US inflation bounced back last month, but by less than expected. The data should support two more rate hikes in 2017, but if inflation doesn’t pick up, it may impact plans for more aggressive policy tightening down the road.
After posting a negative US Consumer Price Inflation (CPI) reading in March, April’s numbers were substantially improved—but the magnitude of the bounceback was smaller than expected (Display). Headline CPI rose by 2.2% year over year, and core CPI, which excludes food and energy prices, rose by 1.9%. Both numbers were slightly lower than the market expected.
Our view is that the data are strong enough to allow the Federal Open Market Committee (FOMC) to raise official short-term rates in June, but soft enough to tamp down expectations of more aggressive tightening later. We still expect a rate hike next month and one more later this year, but if CPI doesn’t show a bit more life in the next couple of months, we’ll have to revisit our second-half forecasts.

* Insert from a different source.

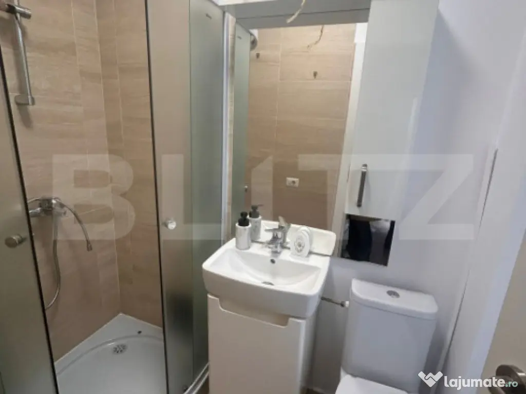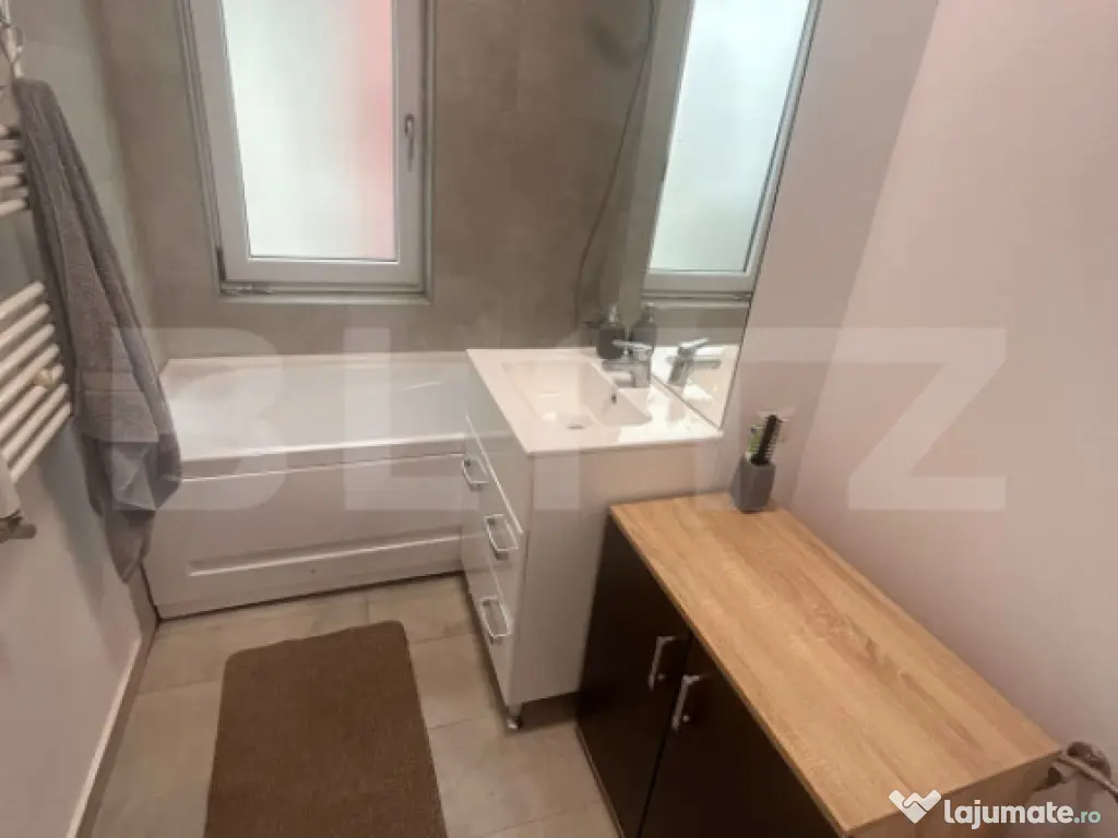 Blitz va propune un apartament situat in zona Calea Martirilor din Timisoara avand o suprafata utila de 71mp. Imobilul este compus din living, bucatarie, 2 dormitoare, 2 bai, o terasa de 27 mp util cu vedere panoramica si un loc de parcare inscris in CF. Apartamentul este finisat cu materiale de inalta calitate si beneficiaza de incalzire prin pardoseala, aparate de aer conditionat, mobilier premium, asa cum se poate vedea in poze. Are acces facil la artera principala, magazine si statii de transport in comun. Cod ofertă / ID BLITZ: P162602 Id intern: P162602 Confort: 1 Tip imobil: Bloc de apartamente Număr Băi: 2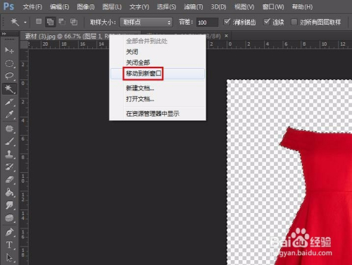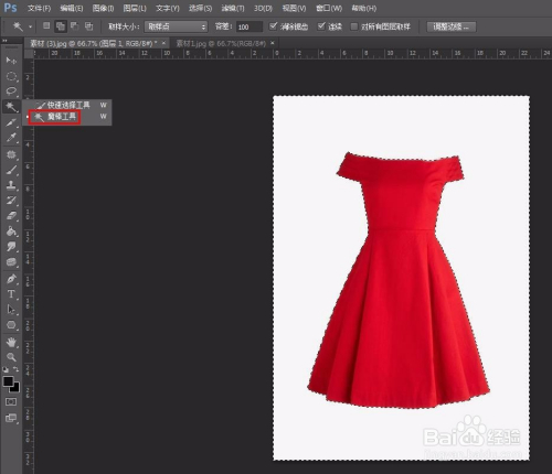 第三步:在左侧东西栏中选择“魔棒东西”,选中号衣图片中的布景区域。

The deceleration in headline inflation is easy enough to explain: top-line prices continue to move in near lockstep with oil prices, and recent commodity price declines suggest that headline CPI is likely to fall farther in coming months. Because headline CPI is so closely linked to commodity prices, the Fed doesn’t generally focus on it. Instead, officials prefer to look at core inflation, which is both more stable and more heavily influenced by monetary policy.